Mathematically, the path efficiency can be evaluated using the average path length $L_{\text{avg}}$ and the collision rate $R_c$. For $N$ trials, $L_{\text{avg}}$ is computed as:
$$L_{\text{avg}} = \frac{1}{N} \sum_{j=1}^{N} \sum_{i=1}^{n-1} E(p_i, p_{i+1})_j$$
and $R_c$ as:
$$R_c = \frac{\text{Number of collisions}}{N}$$
In our experiments, $L_{\text{avg}}$ was minimized due to the smoothness cost $C_M$, and $R_c$ remained below 0.1 in dynamic environments. This performance highlights how imperative learning enables quadruped robots to achieve autonomous navigation comparable to trained humans, without the overhead of explicit mapping.

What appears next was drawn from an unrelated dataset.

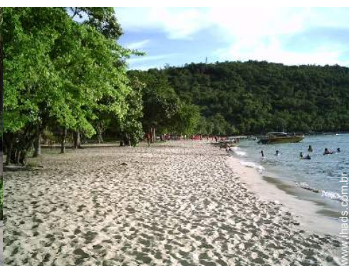
atividades balneares nas proximidades
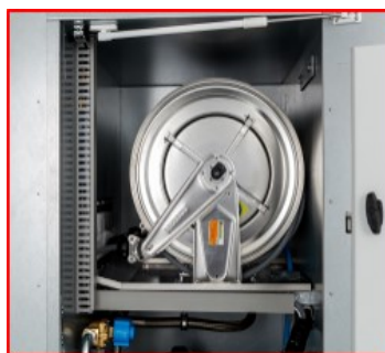
Rustfri slangetromler m/selvoprul

| Metric | Simulation | Physical Environment |
|---|---|---|
| Average Path Length (m) | 5.2 | 4.8 |
| Collision Rate | 0.05 | 0.12 |
| Success Rate (%) | 92 | 87 |
Conclusion and Future Work
We have designed and implemented an end-to-end imperative navigation system for quadruped robots, demonstrating its efficacy in unknown and dynamic environments. By leveraging deep learning and real-time sensor data, the robot dog can autonomously plan and execute paths without prior maps, overcoming limitations of traditional methods. The integration of LiDAR-based localization and depth camera-based planning ensures robust performance, with high success rates in both simulation and physical tests. Future work will focus on enhancing the network’s generalization to diverse terrains, incorporating multi-robot collaboration, and optimizing computational efficiency for longer missions. This approach paves the way for advanced applications of quadruped robots in search-and-rescue, exploration, and service domains.